Il est possible alors à l’animateur de lire brièvement, en se déplaçant de table en table, les listes rassemblées. Cela peut constituer une bonne amorce pour la seconde phase : prendre une des instructions de la liste préalable, et la développer dans tout son détail, geste par geste.

Le but :  si la littérature, c’est le langage mis en réflexion, il nous faut d’abord apprendre à séparer, isoler la langue du réel qu’elle nomme.
Principe : comme Cortàzar dans ses "Instructions pour monter un escalier", ou ses "Instructions pour remonter une montre", on prend un ou plusieurs des éléments de la liste rédigée dans le premier temps, et on le développe dans le maximum de décomposition et de précision possible, en supprimant toute « intention » du narrateur, transformant la totalité des actions en manuel technique. Phrases courtes, se succédant dans le même paragraphe, on peut même suggérer phrases « dépersonnalisées ». C’est la prise de distance qui va devenir l’espace de liberté du participant, définir la singularité de son regard.
Insister qu’il s’agit vraiment de prendre les choses les plus ordinaires, les plus répétitives de la vie quotidienne : prendre le bus, manger à la cantine, faire ses courses, choisir un film.

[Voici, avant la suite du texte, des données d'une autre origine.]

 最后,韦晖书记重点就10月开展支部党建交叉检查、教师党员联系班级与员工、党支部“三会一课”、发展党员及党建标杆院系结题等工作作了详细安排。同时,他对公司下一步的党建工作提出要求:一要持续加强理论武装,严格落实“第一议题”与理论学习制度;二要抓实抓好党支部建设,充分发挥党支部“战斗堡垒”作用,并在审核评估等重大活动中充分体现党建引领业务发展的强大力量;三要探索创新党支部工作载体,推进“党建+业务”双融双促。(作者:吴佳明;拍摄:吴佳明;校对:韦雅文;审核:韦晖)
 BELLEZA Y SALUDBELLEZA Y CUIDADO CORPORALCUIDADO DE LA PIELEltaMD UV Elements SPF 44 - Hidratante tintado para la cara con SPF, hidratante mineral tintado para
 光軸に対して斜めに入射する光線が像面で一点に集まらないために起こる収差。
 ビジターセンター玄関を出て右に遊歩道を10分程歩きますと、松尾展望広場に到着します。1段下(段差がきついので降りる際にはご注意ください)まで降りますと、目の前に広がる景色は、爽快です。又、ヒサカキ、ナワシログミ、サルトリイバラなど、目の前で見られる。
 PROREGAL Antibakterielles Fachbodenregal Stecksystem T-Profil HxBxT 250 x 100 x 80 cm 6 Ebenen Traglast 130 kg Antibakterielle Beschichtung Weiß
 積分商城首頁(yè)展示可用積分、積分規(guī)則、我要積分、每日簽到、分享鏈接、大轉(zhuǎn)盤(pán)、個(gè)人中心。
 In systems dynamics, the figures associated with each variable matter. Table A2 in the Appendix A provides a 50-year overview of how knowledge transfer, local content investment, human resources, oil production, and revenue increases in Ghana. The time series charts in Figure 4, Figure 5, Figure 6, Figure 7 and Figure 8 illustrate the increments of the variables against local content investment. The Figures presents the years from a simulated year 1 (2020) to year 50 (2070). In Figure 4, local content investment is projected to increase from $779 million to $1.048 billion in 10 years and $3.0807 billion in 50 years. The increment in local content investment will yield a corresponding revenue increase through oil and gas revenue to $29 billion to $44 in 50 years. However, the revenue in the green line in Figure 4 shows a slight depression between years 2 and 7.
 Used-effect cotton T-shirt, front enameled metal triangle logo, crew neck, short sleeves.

À la fin de la séance, ne pas hésiter à se saisir soi-même des textes des participants, et les lire anonymement, les mélanger : l’effet d’énigme sera d’autant plus fort.

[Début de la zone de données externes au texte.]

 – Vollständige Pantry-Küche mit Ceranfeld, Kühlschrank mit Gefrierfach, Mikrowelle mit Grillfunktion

Signaler pour finir que l’humour volontaire donne rarement des résultats valables : le fantastique, et l’humour particulier au fantastique, c’est le sérieux avec lequel on appréhende l’ordinaire.   Ne pas chercher à faire rire exprès, bien au contraire, penser à l’immense sérieux des grands inventeurs comiques !
Suggérer que, pour commencer, chacun fasse la liste des cinq ou six thèmes qui lui seraient possibles, avant d’en développer un, le plus en détail possible. Pour cela, on leur communiquera la liste des titres de Julio Cortàzar.